(Records from a data source)
━━━

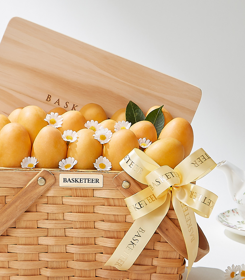 Royal Golden Mayongchid Basket Mayongchid, also known as Marian Plum or Maprang, is a rare and seasonal fruit cherished for its honey-like sweetness and smooth, juicy texture. This handcrafted gift basket contains the finest selection of Mayongchids, carefully sourced from Nakhon Nayok, Thailand – the most renowned region for this exquisite fruit.
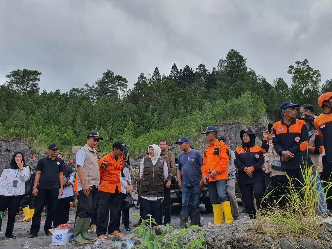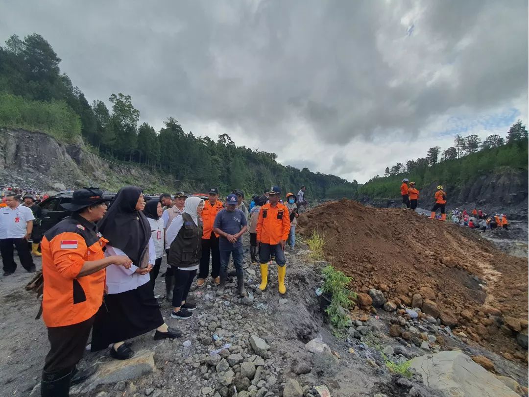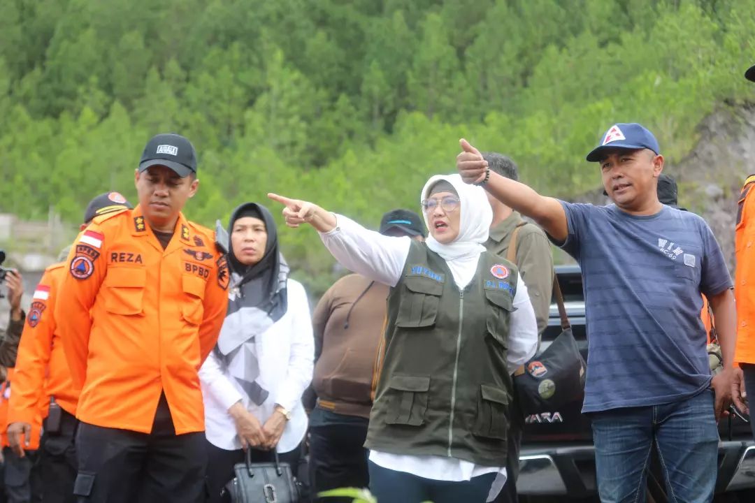 Penjabat (Pj) Bupati Lumajang, Indah Wahyuni (Yuyun) meninjau lokasi terjadinya longsor di area pertambangan pasir Dusun Supit Desa Pronojiwo, Kecamatan Pronojiwo Kabupaten Lumajang, Rabu (5/6/2024).
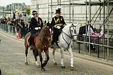 The City of London Police maintains a mounted police unit.[29] In addition to regular duties, the horses of the mounted unit have been used to trample wildflower seeds at the Barbican Wildlife Garden at the request of the community wildlife gardeners.[30] The horses' ceremonial duties include participation in Trooping the Colour and the Lord Mayor's Show; the City of London Police mounted unit also escorted the exhumed remains of King Richard III through the city of Leicester from St Nicholas Church to Leicester Cathedral, en route to their reburial.[31]
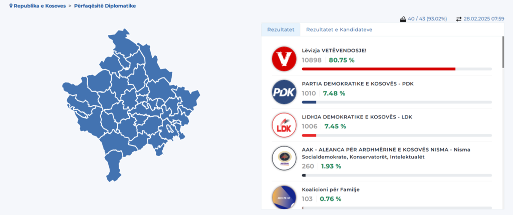 Sipas të dhënave të fundit, të përditësuara sot (28 shkurt) në ora 07:59, del se Lëvizja Vetëvendosje ka marr 80.75 për qind, ose 10.898 vota, transmeton Klankosova.tv.
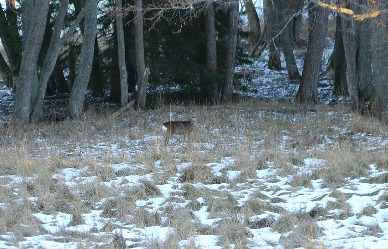 Spår av vilt syntes i snön, och på en slätt nära Skälviks brygga syntes ett rådjur på avstånd.
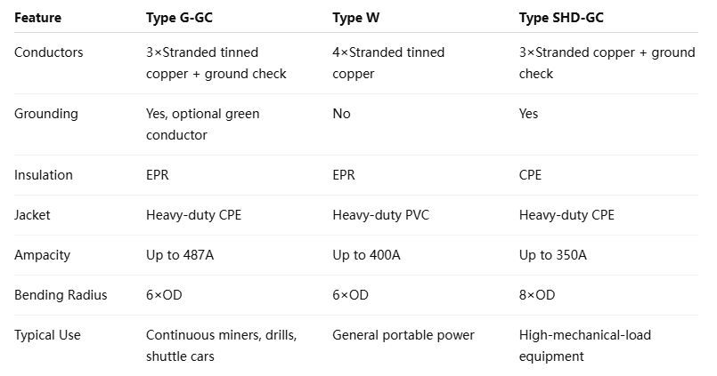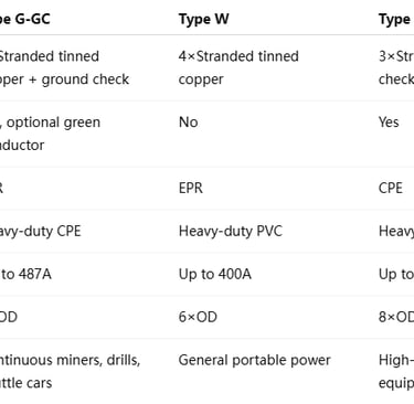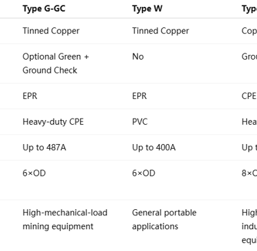 Type G-GC is classified as a three-conductor round portable power cable designed for mobile equipment in underground and surface mining as well as heavy industrial operations. Unlike standard portable cables, it features a grounding conductor and a ground check conductor, making it particularly suited to environments where safety and reliability are non-negotiable.
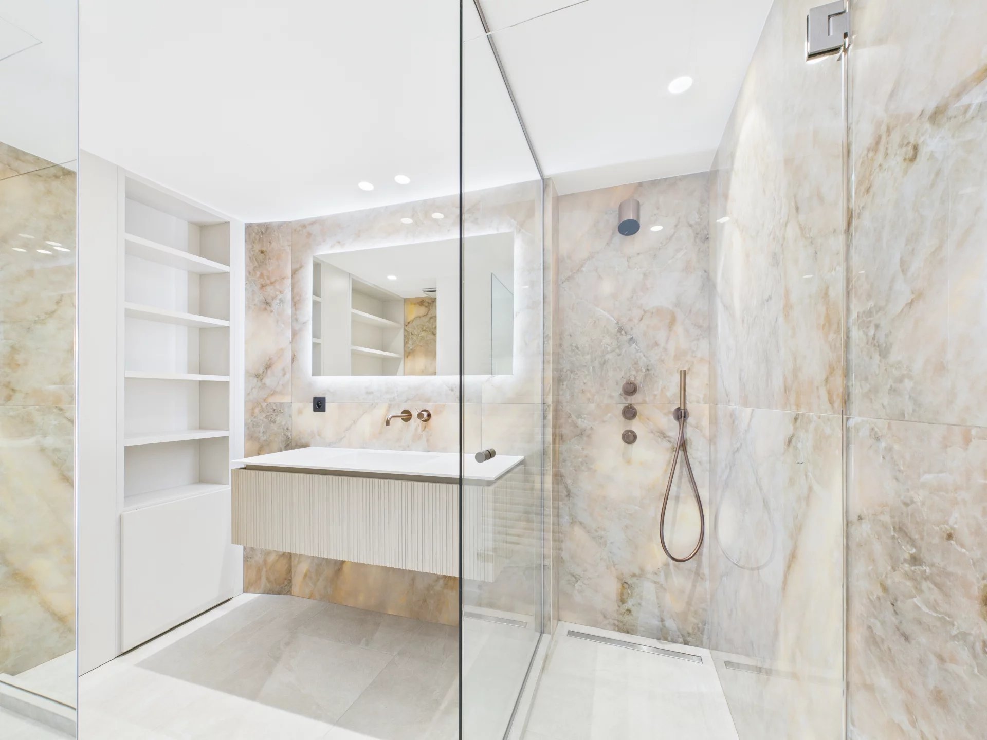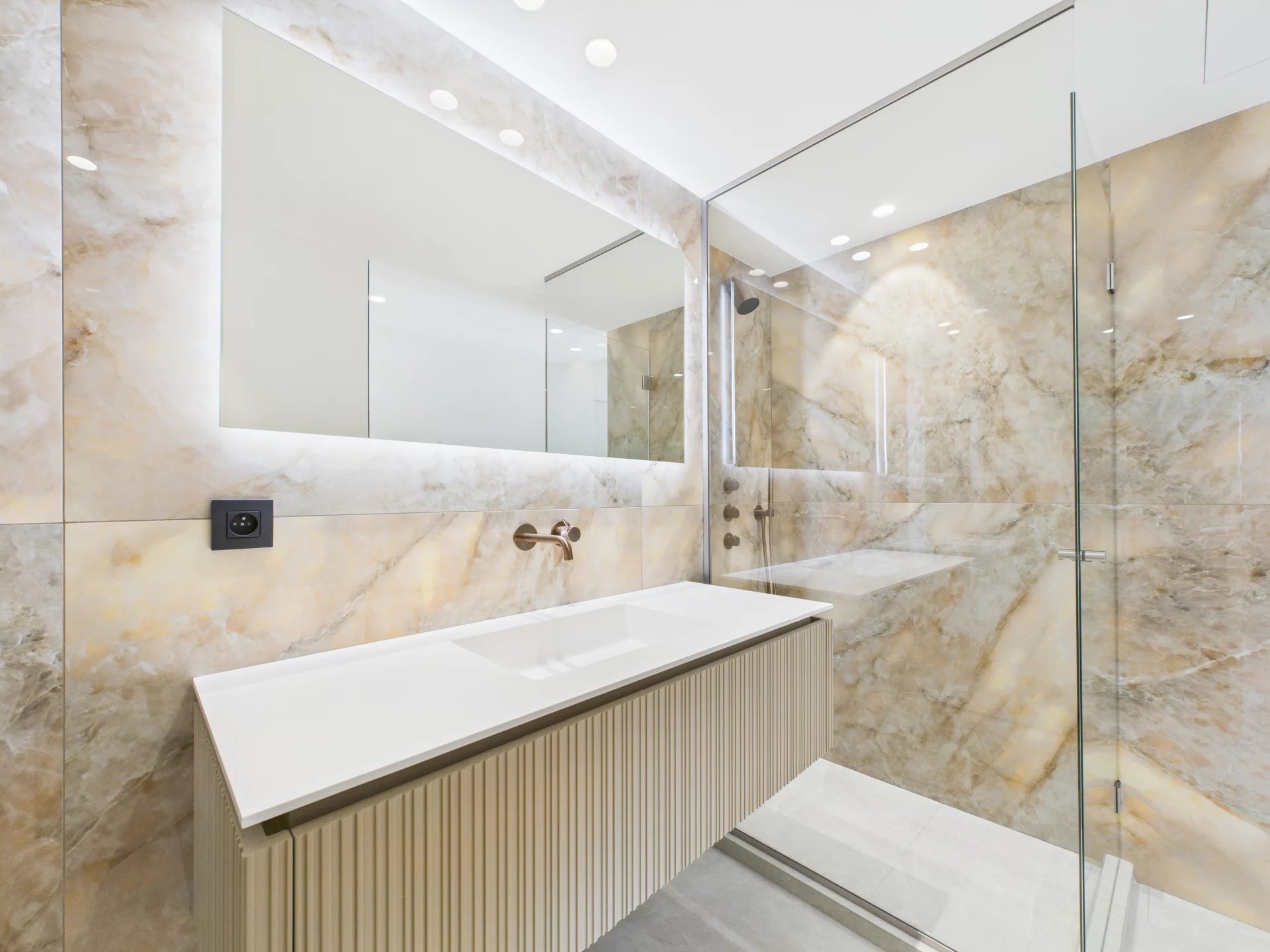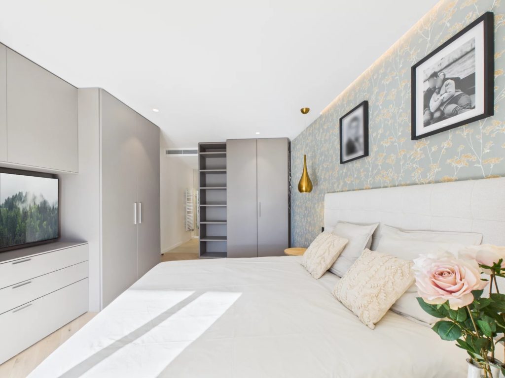 På sovsidan finns en mastersvit med duschrum, toalett och förvaringsutrymmen med direkt tillgång till terrassen med havsutsikt. En andra svit har ett klädkammare samt ett duschrum med toalett.
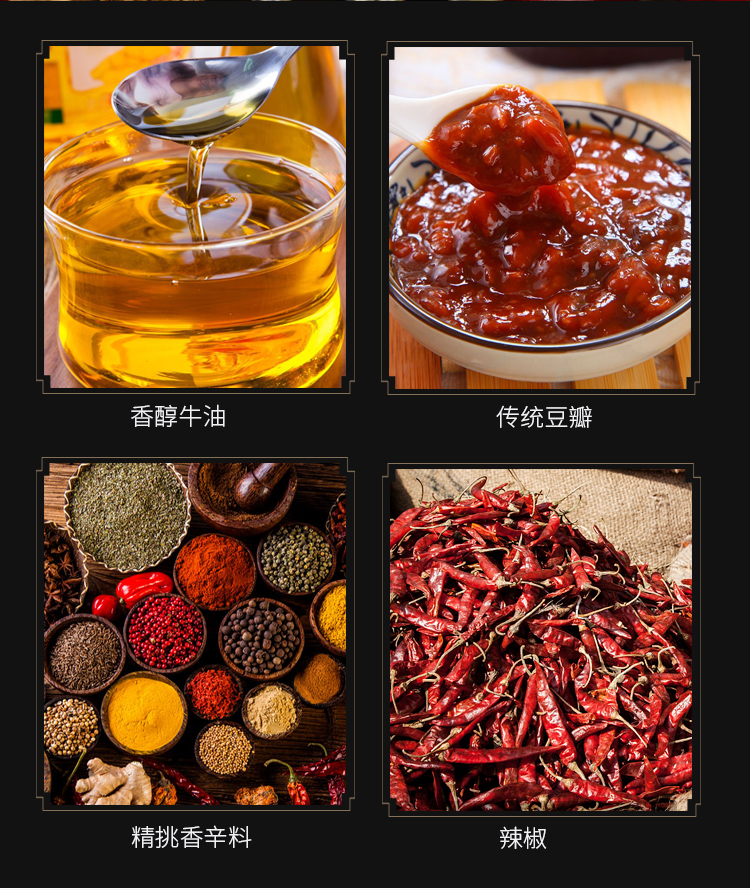海底捞大牌,实体店的同款味道!精选上等原材料,秉承传统制作工艺,麻辣鲜香,汤红油亮,醇香四溢,手工全型,无需炒制,直接煮食,简单方便。【赠运费险】

━━━

» BRIEF: Nothing but an exact copy belongs in the answer: the lines from the top of the records through the line containing "Penjabat (Pj) Bupati", minus the pictures.

» COMPLETED EXERCISE:
 Royal Golden Mayongchid Basket Mayongchid, also known as Marian Plum or Maprang, is a rare and seasonal fruit cherished for its honey-like sweetness and smooth, juicy texture. This handcrafted gift basket contains the finest selection of Mayongchids, carefully sourced from Nakhon Nayok, Thailand – the most renowned region for this exquisite fruit.
 Penjabat (Pj) Bupati Lumajang, Indah Wahyuni (Yuyun) meninjau lokasi terjadinya longsor di area pertambangan pasir Dusun Supit Desa Pronojiwo, Kecamatan Pronojiwo Kabupaten Lumajang, Rabu (5/6/2024).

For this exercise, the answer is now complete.